BACKGROUND AND OBJECTIVE: Endogenous hydrogen sulfide (H2S) may be involved in the pathogenesis of systemic inflammation. It was investigated whether serum H2S levels differed among patients with community-acquired pneumonia, those with exacerbations of COPD or control subjects, and whether H2S may be used as a surrogate marker of the need for antibiotic treatment.

METHODS: Serum H2S levels were measured in 129 patients with pneumonia or COPD exacerbations and in 72 healthy control subjects.

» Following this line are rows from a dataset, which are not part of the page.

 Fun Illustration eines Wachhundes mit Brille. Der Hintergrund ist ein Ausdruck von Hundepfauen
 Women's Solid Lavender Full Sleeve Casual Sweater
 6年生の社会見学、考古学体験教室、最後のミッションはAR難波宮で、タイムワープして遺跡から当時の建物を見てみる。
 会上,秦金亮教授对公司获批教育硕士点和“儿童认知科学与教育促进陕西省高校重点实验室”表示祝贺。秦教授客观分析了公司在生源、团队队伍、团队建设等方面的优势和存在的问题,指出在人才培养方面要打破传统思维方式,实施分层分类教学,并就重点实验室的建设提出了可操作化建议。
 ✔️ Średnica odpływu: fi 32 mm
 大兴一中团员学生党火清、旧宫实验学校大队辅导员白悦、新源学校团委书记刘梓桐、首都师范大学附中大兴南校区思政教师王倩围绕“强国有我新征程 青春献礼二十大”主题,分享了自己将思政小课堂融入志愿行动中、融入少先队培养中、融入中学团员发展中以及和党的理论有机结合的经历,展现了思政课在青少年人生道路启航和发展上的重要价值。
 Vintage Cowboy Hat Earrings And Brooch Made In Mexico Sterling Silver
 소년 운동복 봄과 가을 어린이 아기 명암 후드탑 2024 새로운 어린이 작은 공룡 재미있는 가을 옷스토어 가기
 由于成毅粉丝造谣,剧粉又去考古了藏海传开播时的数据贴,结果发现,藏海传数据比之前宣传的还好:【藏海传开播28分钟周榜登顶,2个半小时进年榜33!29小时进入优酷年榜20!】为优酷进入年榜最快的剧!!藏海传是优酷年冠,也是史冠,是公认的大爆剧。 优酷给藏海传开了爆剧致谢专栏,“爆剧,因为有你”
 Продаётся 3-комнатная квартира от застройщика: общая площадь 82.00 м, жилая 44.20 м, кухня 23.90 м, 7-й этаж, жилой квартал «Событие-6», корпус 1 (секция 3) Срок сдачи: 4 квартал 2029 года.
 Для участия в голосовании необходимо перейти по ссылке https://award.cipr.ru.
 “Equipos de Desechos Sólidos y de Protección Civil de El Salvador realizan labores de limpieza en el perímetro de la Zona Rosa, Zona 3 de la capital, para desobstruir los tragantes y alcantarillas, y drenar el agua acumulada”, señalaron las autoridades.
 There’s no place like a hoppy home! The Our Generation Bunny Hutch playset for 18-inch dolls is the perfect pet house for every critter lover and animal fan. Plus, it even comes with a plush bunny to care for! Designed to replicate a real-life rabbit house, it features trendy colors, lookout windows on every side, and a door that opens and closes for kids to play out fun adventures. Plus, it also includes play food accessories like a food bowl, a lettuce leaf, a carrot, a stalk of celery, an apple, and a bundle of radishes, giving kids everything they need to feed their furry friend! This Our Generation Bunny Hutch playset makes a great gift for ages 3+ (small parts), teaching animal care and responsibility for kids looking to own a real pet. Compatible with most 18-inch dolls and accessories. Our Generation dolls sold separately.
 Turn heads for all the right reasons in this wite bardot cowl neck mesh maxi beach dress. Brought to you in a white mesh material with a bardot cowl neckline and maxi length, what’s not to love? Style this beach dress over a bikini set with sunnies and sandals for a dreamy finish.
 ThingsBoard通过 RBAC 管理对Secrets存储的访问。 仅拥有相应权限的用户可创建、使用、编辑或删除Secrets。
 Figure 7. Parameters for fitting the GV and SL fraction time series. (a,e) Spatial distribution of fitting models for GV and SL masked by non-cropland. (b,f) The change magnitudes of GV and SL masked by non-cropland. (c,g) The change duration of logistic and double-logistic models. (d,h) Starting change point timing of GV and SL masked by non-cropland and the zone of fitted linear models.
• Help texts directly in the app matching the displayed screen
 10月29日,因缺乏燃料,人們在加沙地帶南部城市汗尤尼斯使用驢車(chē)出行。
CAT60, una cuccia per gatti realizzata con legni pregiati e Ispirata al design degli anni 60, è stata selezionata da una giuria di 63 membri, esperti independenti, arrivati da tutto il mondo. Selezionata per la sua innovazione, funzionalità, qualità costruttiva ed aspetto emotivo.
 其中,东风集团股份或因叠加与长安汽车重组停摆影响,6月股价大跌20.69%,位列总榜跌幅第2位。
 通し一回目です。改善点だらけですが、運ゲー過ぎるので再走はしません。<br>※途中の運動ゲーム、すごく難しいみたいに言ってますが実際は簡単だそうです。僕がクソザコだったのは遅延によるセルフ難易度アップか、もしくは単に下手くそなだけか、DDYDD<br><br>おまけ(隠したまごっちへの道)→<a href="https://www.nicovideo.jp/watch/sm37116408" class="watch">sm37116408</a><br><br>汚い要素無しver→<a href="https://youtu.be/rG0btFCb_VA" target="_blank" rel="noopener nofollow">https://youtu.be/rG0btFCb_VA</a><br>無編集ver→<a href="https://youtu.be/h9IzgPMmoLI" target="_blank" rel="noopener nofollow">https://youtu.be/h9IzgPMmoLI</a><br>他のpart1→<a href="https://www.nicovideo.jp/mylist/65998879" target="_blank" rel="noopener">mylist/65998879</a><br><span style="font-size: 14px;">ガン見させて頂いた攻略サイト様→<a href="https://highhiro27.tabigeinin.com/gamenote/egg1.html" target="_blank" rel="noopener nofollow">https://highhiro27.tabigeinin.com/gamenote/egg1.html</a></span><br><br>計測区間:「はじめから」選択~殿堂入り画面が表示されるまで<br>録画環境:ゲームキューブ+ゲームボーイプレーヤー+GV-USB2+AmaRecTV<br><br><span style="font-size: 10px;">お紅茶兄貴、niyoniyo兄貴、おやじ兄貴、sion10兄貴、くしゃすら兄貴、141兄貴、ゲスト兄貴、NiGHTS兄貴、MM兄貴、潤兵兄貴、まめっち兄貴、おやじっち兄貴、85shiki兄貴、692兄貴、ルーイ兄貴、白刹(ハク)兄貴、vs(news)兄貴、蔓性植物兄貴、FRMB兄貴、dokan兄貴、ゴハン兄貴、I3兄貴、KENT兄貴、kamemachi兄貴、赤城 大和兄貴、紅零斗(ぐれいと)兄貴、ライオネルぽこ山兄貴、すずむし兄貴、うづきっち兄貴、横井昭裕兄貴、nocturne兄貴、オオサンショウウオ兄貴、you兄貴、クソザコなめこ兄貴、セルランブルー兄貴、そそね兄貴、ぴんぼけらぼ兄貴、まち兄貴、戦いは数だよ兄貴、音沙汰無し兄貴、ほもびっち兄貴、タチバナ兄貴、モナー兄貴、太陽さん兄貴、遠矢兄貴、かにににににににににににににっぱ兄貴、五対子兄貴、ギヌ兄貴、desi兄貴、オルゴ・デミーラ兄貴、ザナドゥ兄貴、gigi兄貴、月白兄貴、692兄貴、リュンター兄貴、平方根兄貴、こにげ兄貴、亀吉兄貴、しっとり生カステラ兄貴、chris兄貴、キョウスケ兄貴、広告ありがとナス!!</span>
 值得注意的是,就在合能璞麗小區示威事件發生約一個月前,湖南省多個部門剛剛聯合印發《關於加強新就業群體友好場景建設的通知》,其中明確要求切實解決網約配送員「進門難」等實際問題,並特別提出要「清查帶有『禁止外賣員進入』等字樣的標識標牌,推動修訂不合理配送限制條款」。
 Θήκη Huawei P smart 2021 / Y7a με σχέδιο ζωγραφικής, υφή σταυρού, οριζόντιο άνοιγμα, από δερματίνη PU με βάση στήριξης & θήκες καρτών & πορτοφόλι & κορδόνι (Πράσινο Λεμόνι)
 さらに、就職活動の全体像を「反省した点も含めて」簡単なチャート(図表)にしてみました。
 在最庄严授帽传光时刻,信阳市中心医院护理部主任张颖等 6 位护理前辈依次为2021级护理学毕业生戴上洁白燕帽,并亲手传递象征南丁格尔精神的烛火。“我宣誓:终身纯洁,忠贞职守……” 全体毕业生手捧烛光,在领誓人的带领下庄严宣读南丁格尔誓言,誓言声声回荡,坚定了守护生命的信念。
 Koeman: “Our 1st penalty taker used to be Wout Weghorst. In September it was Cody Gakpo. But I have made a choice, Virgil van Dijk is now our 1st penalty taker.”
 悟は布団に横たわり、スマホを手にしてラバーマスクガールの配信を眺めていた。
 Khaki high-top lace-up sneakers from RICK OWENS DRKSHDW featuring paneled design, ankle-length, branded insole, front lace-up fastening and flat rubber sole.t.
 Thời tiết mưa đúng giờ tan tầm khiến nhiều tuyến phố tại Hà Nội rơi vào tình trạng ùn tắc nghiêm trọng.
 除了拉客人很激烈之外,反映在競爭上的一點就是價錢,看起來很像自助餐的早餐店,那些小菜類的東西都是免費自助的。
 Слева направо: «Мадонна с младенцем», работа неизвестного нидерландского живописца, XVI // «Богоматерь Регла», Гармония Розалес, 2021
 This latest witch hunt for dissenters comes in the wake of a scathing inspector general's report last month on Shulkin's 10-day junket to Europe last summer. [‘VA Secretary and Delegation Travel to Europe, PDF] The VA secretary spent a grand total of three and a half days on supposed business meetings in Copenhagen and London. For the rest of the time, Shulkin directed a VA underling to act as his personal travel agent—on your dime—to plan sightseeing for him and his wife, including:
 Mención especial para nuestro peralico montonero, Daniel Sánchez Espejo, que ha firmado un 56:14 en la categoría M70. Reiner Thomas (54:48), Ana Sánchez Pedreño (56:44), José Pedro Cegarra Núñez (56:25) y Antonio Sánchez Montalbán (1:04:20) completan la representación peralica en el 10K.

RESULTS: The mean serum H2S concentration was 36% lower in patients with pneumonia (22.7 +/- 14.6 micromol/L) than in control subjects (35.4 +/- 5.3 micromol/L) (P < 0.01). Serum H2S concentration did not differ between patients with acute exacerbations of COPD (33.8 +/- 18.6 micromol/L) and control subjects. Within the COPD group, patients with Anthonisen type 1 exacerbations had a lower serum H(2)S concentration (22.5 +/- 11.6 micromol/L) than control subjects, and those with type 3 exacerbations had a higher serum H2S concentration (54.2 +/- 21.3 micromol/L) than control subjects. There was no difference between patients with type 2 exacerbations (41.7 +/- 8.4 micromol/L) and control subjects. In patients requiring antibiotics, serum H2S concentration was 41% lower than in those not requiring antibiotics. The area under the receiver operating characteristic curve for H(2)S as a surrogate marker of the need for antibiotics was 0.862 (95% confidence interval: 0.805-0.919, P < 0.01). Serum H2S levels were inversely correlated with serum CRP levels (r = -0.337, P < 0.01).

CONCLUSIONS: Serum H2S levels may be used as a marker in lower respiratory tract infections. Further studies are required to validate the role of serum H2S levels in guiding antibiotic selection.